I am very thankful for those who are able to do as you in "forgetting" your past.
I wouldn't term it forgetting. I don't think it's even possible to actually forget anything. May be more of how we dictate/govern/throttle with our active mind over our subconscious memory bank i.e. how it's ruled. There is an incredibly massive storehouse of data in our minds including a flood of various emotional input as well. If we think of all the data that we take in, all the thoughts and emotions we've ever had, that is all stored somewhere in the wetware. IF it's not governed it would immobilize us. There can be serious struggles with that engagement.

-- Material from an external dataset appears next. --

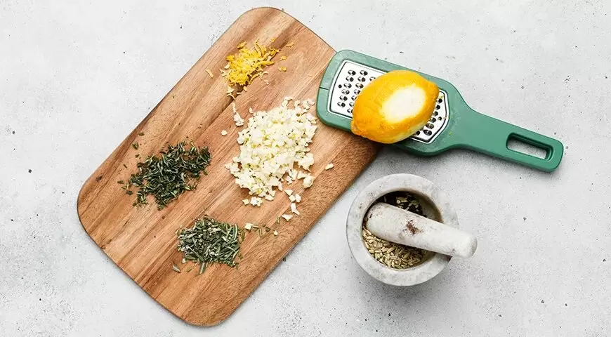 Для начала позаботьтесь о специях и травах. Свежее розмарин и тимьян мелко нарежьте, а семена фенхеля вместе с черным перцем разотрите в ступке. Чеснок очистите и нарежьте мелкими кусочками или пропустите через пресс. Как завершающий штрих, аккуратно снимите цедру с лимона с помощью терки.

My wife is able to do even better in that she absolutely cannot consciously recall her abuse except in vaguely. I thought I had done a very good job myself until I hit my 40s. Then it started bubbling out of my subconscious mind until it just flooded out. Now there are still pieces that are still lodged back there that come loose to find their place in the giant jigsaw puzzle of my life. Once the memory activates, I feel I must find its place so I can digest it or process it until it takes its place and I can say .....OK.
I hear ya. Sometimes we have to say it wasn't OK but it did happen. Seal chapter. Most of us have to, by nature of being able to function, operate with various caps/lids/covers on ourselves. The abuses happened. But a flood or emotional reactions against it can still trouble the active thought stream.
I think those who processed their memories early on found some way to cope......I chose to run away from mine.....I think that was a mistake.
There are other factors that begin to weigh in with age as well. A lot of older folk get very introspective about their lives and spend a lot of time in regrets, second guessing or heavy analysis of the data.
Sometimes just staying in now, keeping it simple and looking forward is preferable. What went on is done. It can't be changed, nor can the emotions had at the time be altered, nor can the regrets and second guessing.
Faith and the arena's that faith engages is very helpful. Understanding mercy, grace, forgiveness, love are great tools in these regards. Comforting and stilling the mind and heart. Turning our faces in that direction, exposing ourselves to Him, putting His Light and Wisdom upon things. Trusting. Internal peace making.